Agent-based AI: New challenges for digital security

It sets his own goals, learns on the fly, and adapts to different algorithms. With the advent of agent-based AI, the fight against fake news is transforming from refuting individual, static fake news to confronting a highly organized, intelligent adversary that requires a fundamentally new approach to fact-checking.

Agent-based artificial intelligence (AI) is an advanced class of artificial intelligence systems that can act autonomously, set goals, make decisions, and plan actions in a changing environment.

Unlike traditional AI, which follows fixed algorithms and responds to a limited range of scenarios, agent-based AI is a form of intelligent agents that adapt, learn, and can interact with other agents and humans to create complex, multi-step processes.

Key functions of agent-based AI:

1. Perception — the system collects data from the outside world (via sensors, databases, the Internet);

 2. Thinking — the system analyzes the received data, evaluates the situation, forms hypotheses and strategic plans, and also learns from its own experience;

3. Action — the system takes specific actions to achieve the set goals.

Agent-based AI’s ability to learn and organize itself opens the door to solving complex real-time problems, from traffic management to financial analysis and medical diagnostics.

What is the difference between agent-based AI and generative AI?

Generative AI and agent-based AI are two important areas of artificial intelligence that play a key role in the development of the digital world, but they have fundamentally different functions and objectives.

Generative AI can be thought of as a creative artisan that creates new content — text, images, and music — based on the vast amounts of data it has been trained on. It “learns” from other people’s work and then independently generates similar but original works. Examples of such AI are ChatGPT, DALL·E, and MidJourney.

However, generative AI has an important limitation: it operates within the framework of inherent patterns and patterns, but does not realize the meaning of what it generates. It can surprise with his creativity, but he does not make independent decisions and depends on clear commands or hints.

Agent—based AI is a more “mature” and independent intelligence that not only creates, but acts and makes decisions with minimal human involvement.
It does not just execute commands, but manages the process himself — analyzes the situation, sets goals for himself and goes towards them, adjusting his actions along the way to achieve results. Examples are autonomous robots, drones, and smart assistants that can change delivery routes, interact with users, and perform complex multitasking operations.

It is noteworthy that these two types of AI can complement each other in a single system.
For example, agent-based AI can negotiate with a client, while generative AI helps them with charismatic responses. Or an autonomous robot cooks (agent AI) prepares a dish, and a generative AI comes up with unusual recipes.

The combination of these approaches promises new opportunities, but there is a fundamental obstacle on the way to them — the unpredictability of decisions. The main task has not yet been solved — how to guarantee control, security and establish responsibility for the actions of complex systems. This issue makes both the technological breakthrough and the development of ethical and legal norms equally important.

Agent-based AI and fakes

The potential of agent-based AI is inseparable from its threats. Due to its autonomy and wide reach, this technology can be turned to harm: to create steady streams of fakes, well-established fraudulent operations and large-scale cyber attacks.

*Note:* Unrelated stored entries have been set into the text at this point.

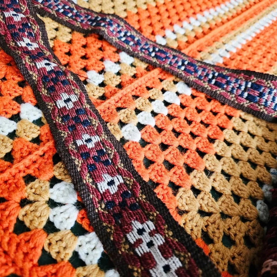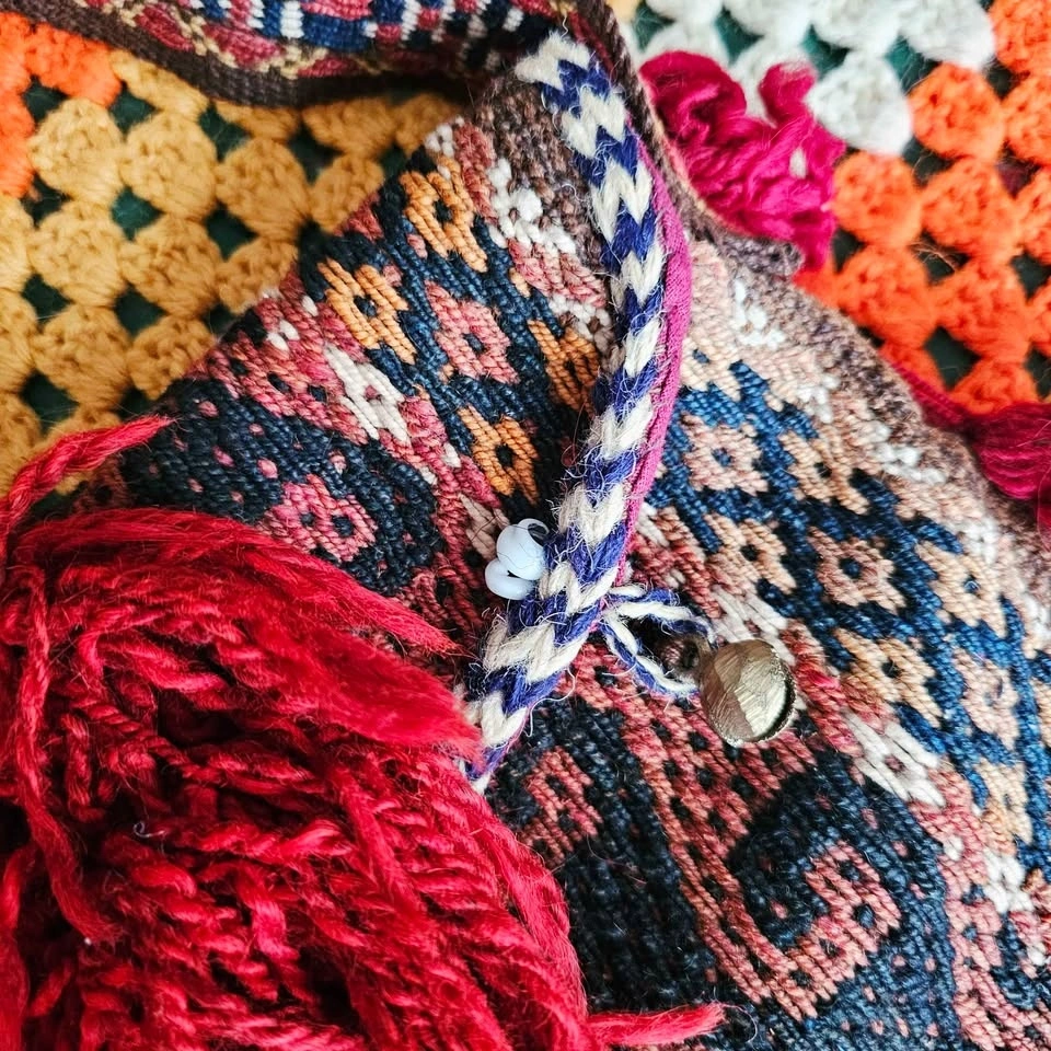 This piece features a woven patterned shoulder strap, and red yarn tassel accents. Bag closes with a soft flap closure that secures on two brass bells which jingle as you move, a classic folk accent from 70s Peruvian bags. Interior is lined in burgundy cotton. Lightweight and easy to wear crossbody or on the shoulder.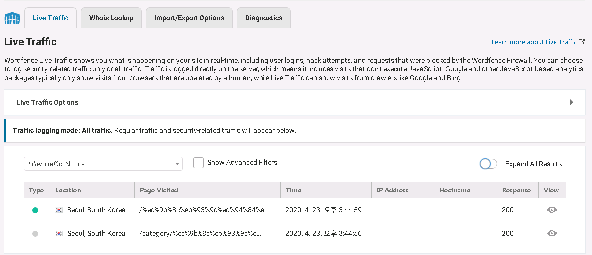 Wordfence 도구(Tools)에 들어가보면 Live Traffic을 확인할 수 있는데, 어떤 페이지에 접속해서 무엇을 했는지 여부를 감시해 줍니다.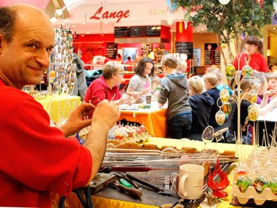 Vormittags erwartet er an seinem Stand im Untergeschoss Kita-Gruppen und Schulklassen, und an den Nachmittagen kann jeder zu ihm kommen und Glas-Ostereier bemalen. Aber nicht nur die, denn dieses Jahr bringt er auch kleine Glasfiguren für den Osterstrauß mit, zum Beispiel Entchen.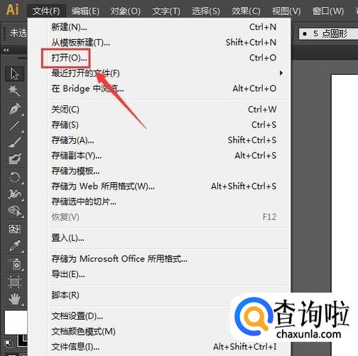 打开AI之后,找到文件菜单点击文件在其内找到打开选项,如图所示:
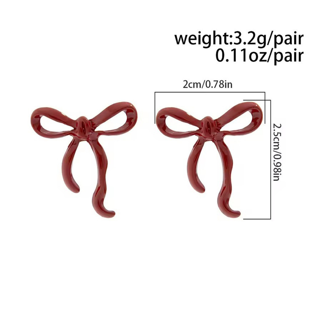 ต่างหูโบว์สีแดงย้อนยุคสําหรับผู้หญิงต่างหูเรียบง่ายโบว์ริบบิ้นต่างหูหรูหรา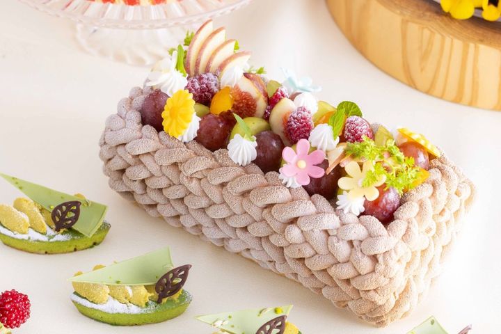 カゴのように絞ったマスカルポーネクリームは芸術的な美しさ。季節のフレッシュフルーツをふんだんに詰め込み、濃厚なチーズケーキとキャラメルムースを同時に味わえる満足感の高いスイーツです。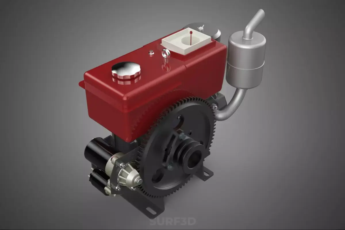 KEYWORDS: Starter motor, solenoid, flywheel, ring gear, diesel engine, compact engine, electro-mechanical, high compression, cranking torque, DC motor, series-wound, pinion gear, Bendix drive, pre-engaged drive, battery, ignition system, rotational inertia, crankshaft, automatic starting, compression ignition, electrical system, high amperage, gear reduction, starter drive, mechanical engagement, rotational speed, vehicular component, cold starting, torque multiplication, compression cycle.
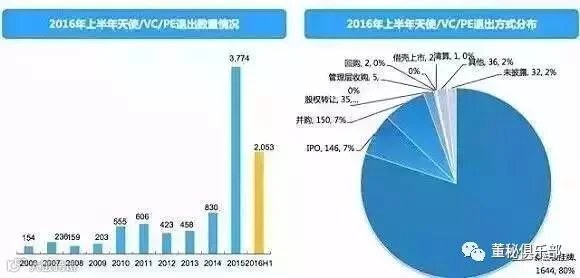 2016年上半年国内上市企业达61家,全球范围内总的有82家中国企业上市,居全球之首,而股权投资机构支持上市的企业为48家,实现退出的机构有146家;而在2015年,股权投资机构支持上市的企业多达172家,实现退出的机构有580 家。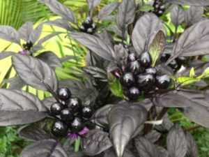 Узнать перец этого сорта можно по плодам оригинального фиолетового цвета, которые к моменту биологической спелости становятся сначала оранжевыми, а потом ярко красными. Плодоносит перец практически круглый год, поэтому на кустике всегда есть плоды разного цвета.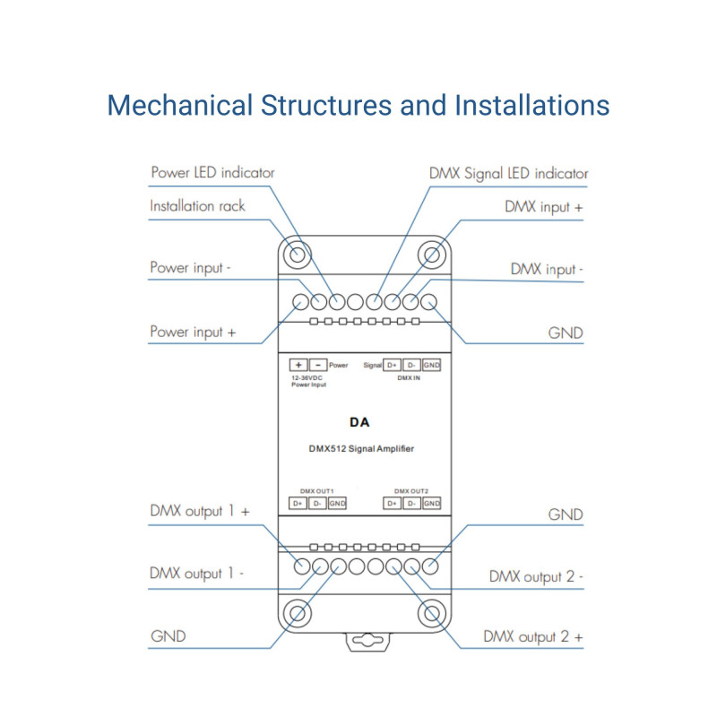 Jest on wyposażony w wejście sygnału DMX512 i podwójne wyjście sygnału DMX512, dzięki czemu sygnał może być rozprowadzany i wzmacniany w dwóch różnych kierunkach. Jest to szczególnie przydatne, gdy trzeba sterować wieloma urządzeniami lub oprawami oświetleniowymi.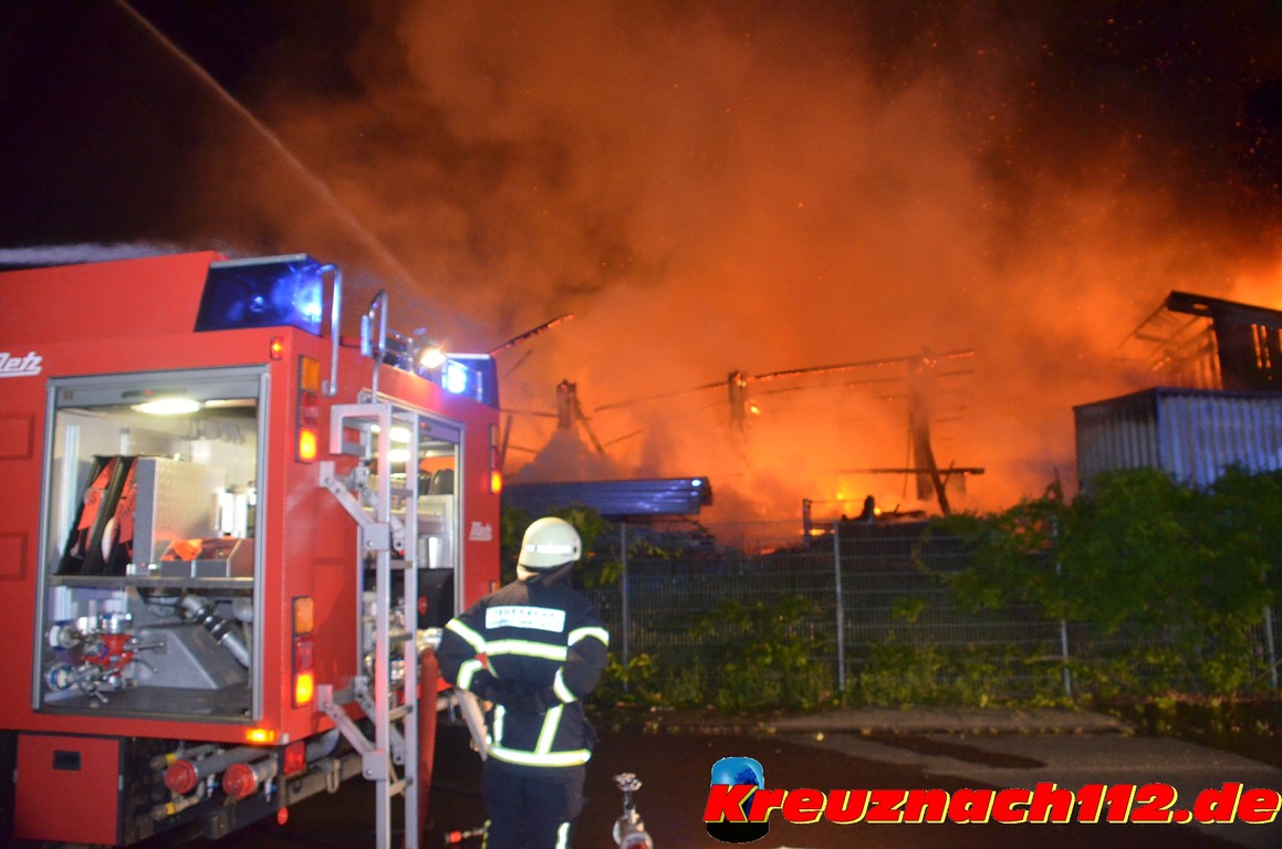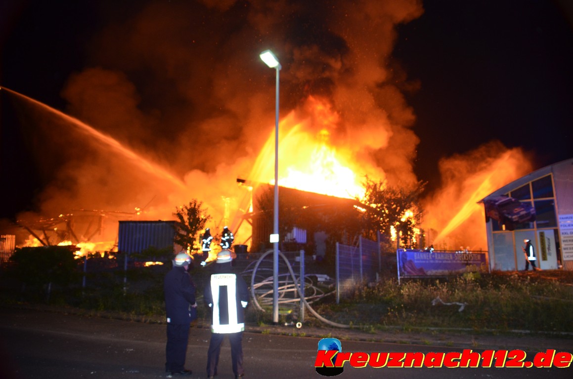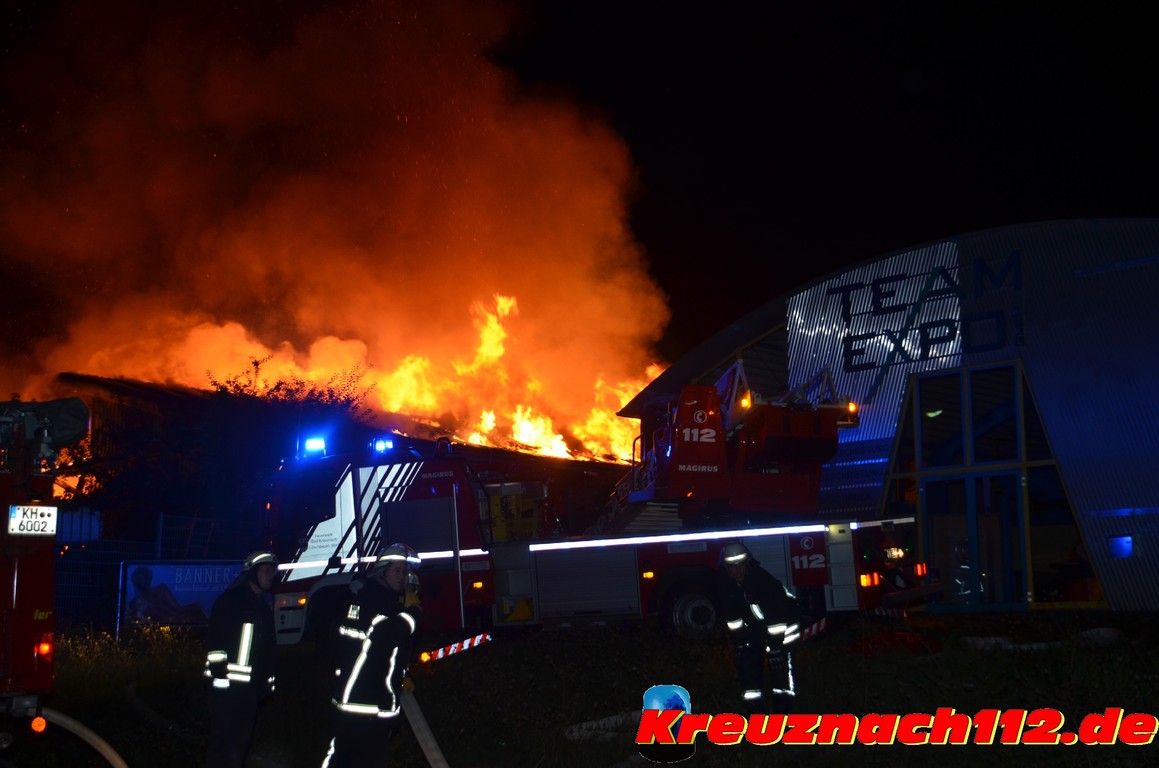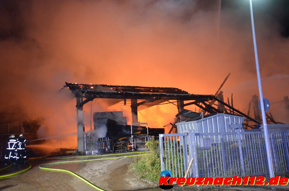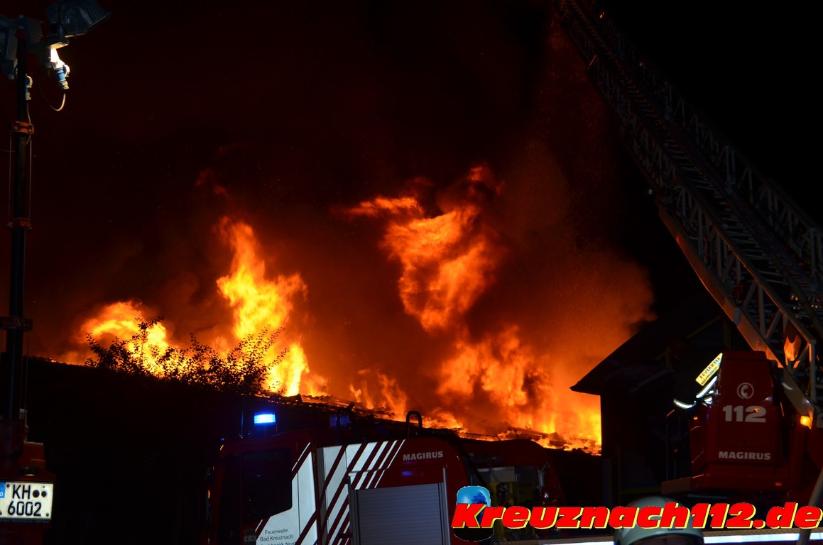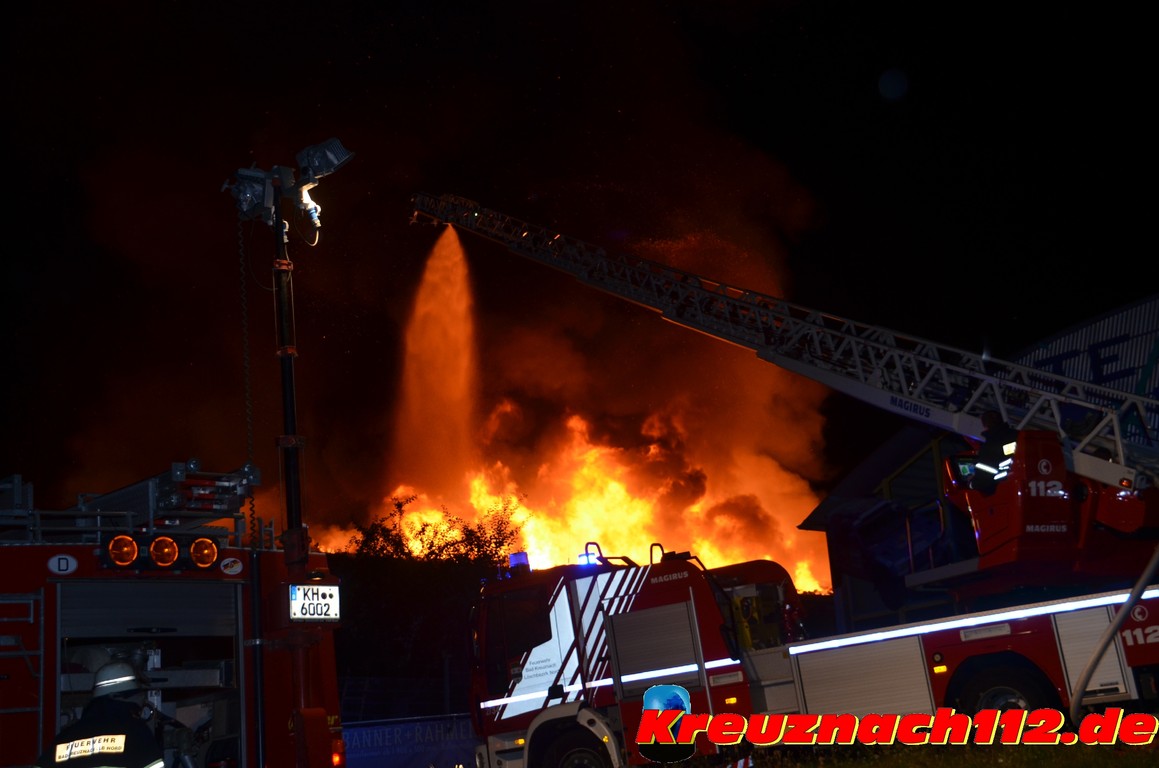 Zu einem Großbrand im Holzbaubetrieb Lehmann in der Bad Kreuznacher Riegelgrube ist es am Freitag um 1.30 Uhr gekommen. Die Kripo schätzt den Schaden auf rund 600.000 Euro.Die ersten eintreffenden Kräfte bauten sofort eine Riegelstellung zu dem auf der rechten Seite stehenden benachbarten Firmengebäude auf. Auf der linken Seite wurde mit einem massiven Löschangriff ein weiteres Ausbreiten auf ein Firmenfahrzeug und im Freien stehende Materialien verhindert. Dabei mussten etwa 30 Gasflaschen gekühlt werden, die bereits voll beflammt wurden. Bei einigen Gasflaschen lösten die Sicherheitsventile aus und ließen das Gas entweichen.Das THW des Ortsverbandes Bad Kreuznach wurde nachalarmiert, um sich um die Entfernung des Daches und das Abtragen des Brandschuttes zu kümmern. Hierfür wurde auch ein Bagger der Firma Gerharz an die Einsatzstelle beordert. Als die Einsatzstelle soweit unter Kontrolle war, konnten die ersten Kräfte aus dem Kreis wieder herausgelöst werden. Während der Anfangsphase stellte die Freiwillige Feuerwehr Rüdesheim mit Ihren Fahrzeugen den Brandschutz in der Stadt sicher. Der Energieversorger stellte den Strom ab. Die Nachlöscharbeiten werden sich noch bis in den Nachmittag hinziehen. Was den Brand auslöste, ist nicht bekannt. Die Kriminalpolizei wird ihre Ermittlungen aufnehmen. Verletzt wurde bei dem Feuer niemand.Das DRK Bad Kreuznach sorgte für die Verpflegung der 123 Einsatzkräfte von Feuerwehr und Technischem Hilfswerk. Die zehn ehrenamtlichen Rotkreuzhelfer stellten an der Einsatzstelle heiße und kalte Getränke sowie eine Kaltverpflegung bereit. Neben der Verpflegungseinheit war auch ein Rettungswagen des DRK Kreisverbandes Bad Kreuznach im Einsatz, der für die medizinische Betreuung der Einsatzkräfte bereit stand.
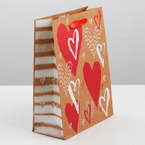 Пакет подар крафт Сердца 19*25*8см в ассортименте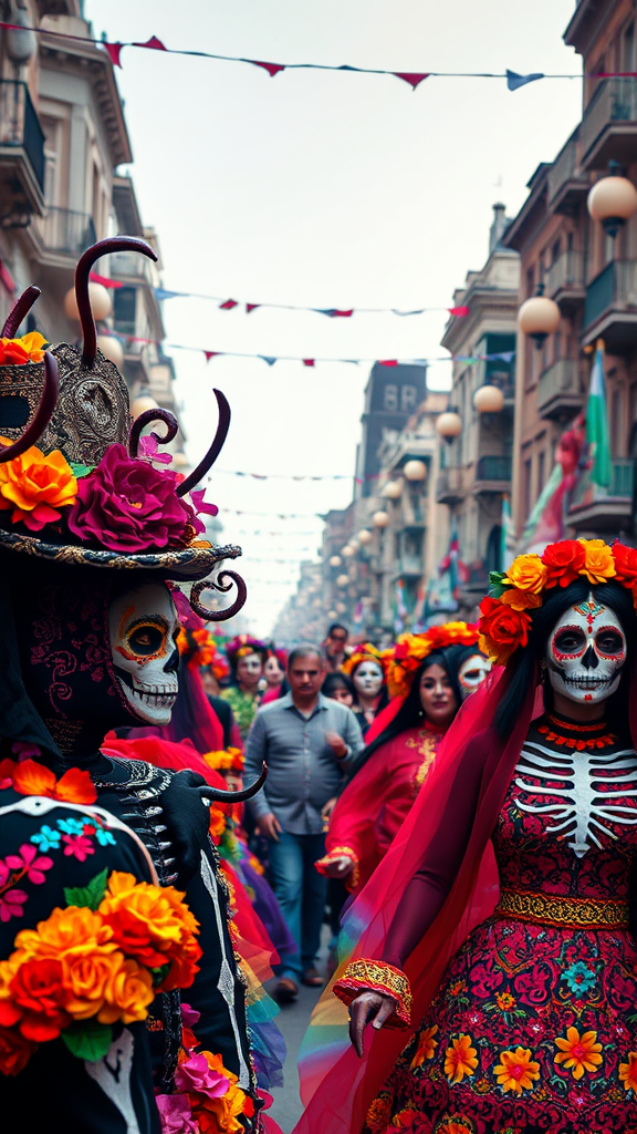 Vibrant Dias de los Muertos Festival in the heart of Mexico City, capturing the lively parade with intricate costumes, vibrant face paint, and traditional altars, ultra-realistic high-definition photography, capturing the essence and energy of the celebration with enhanced textures and vivid colors, atmospheric depth --ar 1:2 --stylize 750 --v 6.1.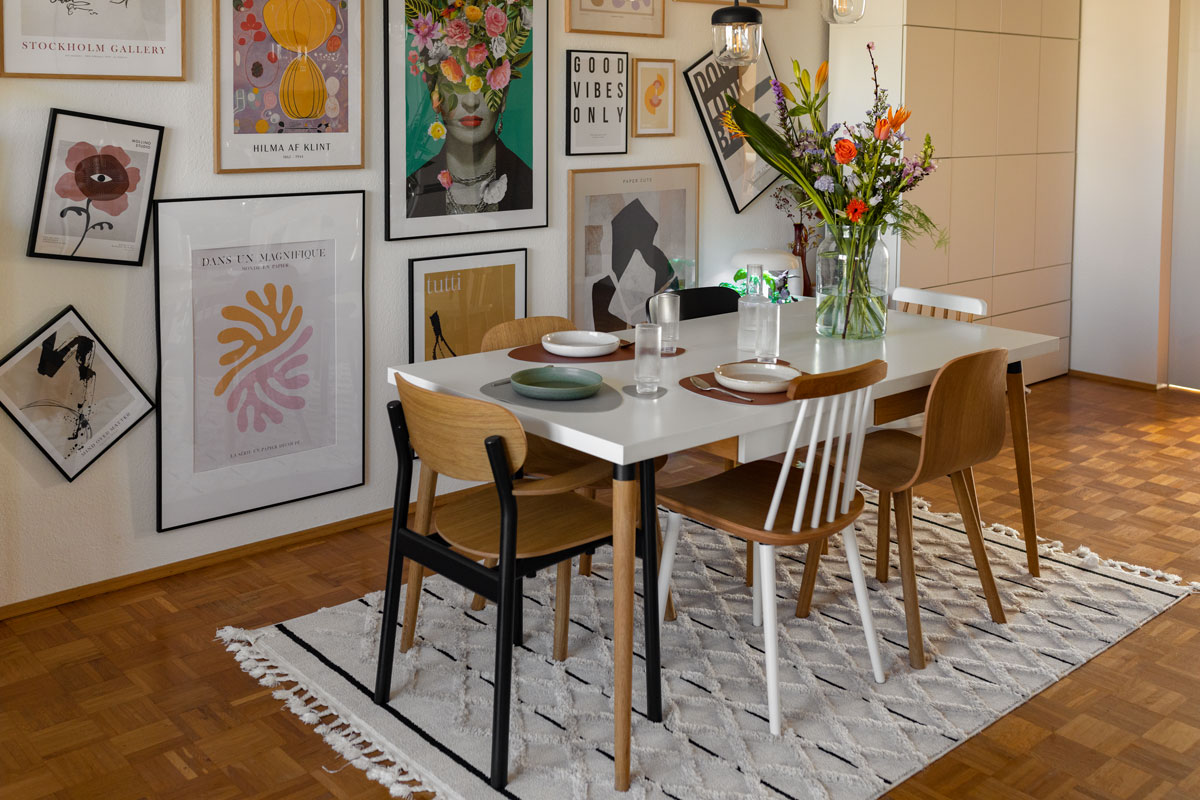 Et voilà und fertig ist mein Esszimmer. Ich bin richtig gerne in diesem Bereich meiner Wohnung und fühle mich dort pudelwohl. Verrate mir, was dir in deinem Essbereich wichtig ist und ob du genauso hochwertige Möbelstücke oder vielleicht sogar auf ein Tischunikat setzt. Ich freue mich auf dein Feedback!

Agent-based AI can spread false information in the following main ways:

1. Using hyperpersonalization: big data analysis and computational sociology allow you to segment your audience by political views, interests, fears, etc. Based on this data, agent-based AI have the ability to create extremely convincing and, therefore, more dangerous fakes.

2. Mass and continuous replication of false information, taking into account the audience’s reaction, which enhances the effect and often leads to the formation of “reality” based on artificially created beliefs (the concept of “performative prediction”).

3. The use of deepfakes and other types of deepfakes to create believable photos, videos, and audio that further enhance the credibility of the disseminated information.

4. Exploitation of social engineering, when AI agents collect users’ personal data and use it for more effective persuasion and manipulation.

5. Creation and managing fake profiles and social media accounts to simulate live communication and discussions, which increases trust and maximizes the reach of misinformation.

6. Creation of multiagent networks, where each agent performs specialized functions: some analyze trends in social networks, others create fake news, others generate fake photos and videos, and others manage a mass of fake accounts for wide distribution of content. At the same time, such a system can work almost autonomously and adapt false narratives to the target audience.

The emergence of coordinated agent communities represents a key trend in artificial intelligence development. This upcoming review will assess the associated opportunities and challenges.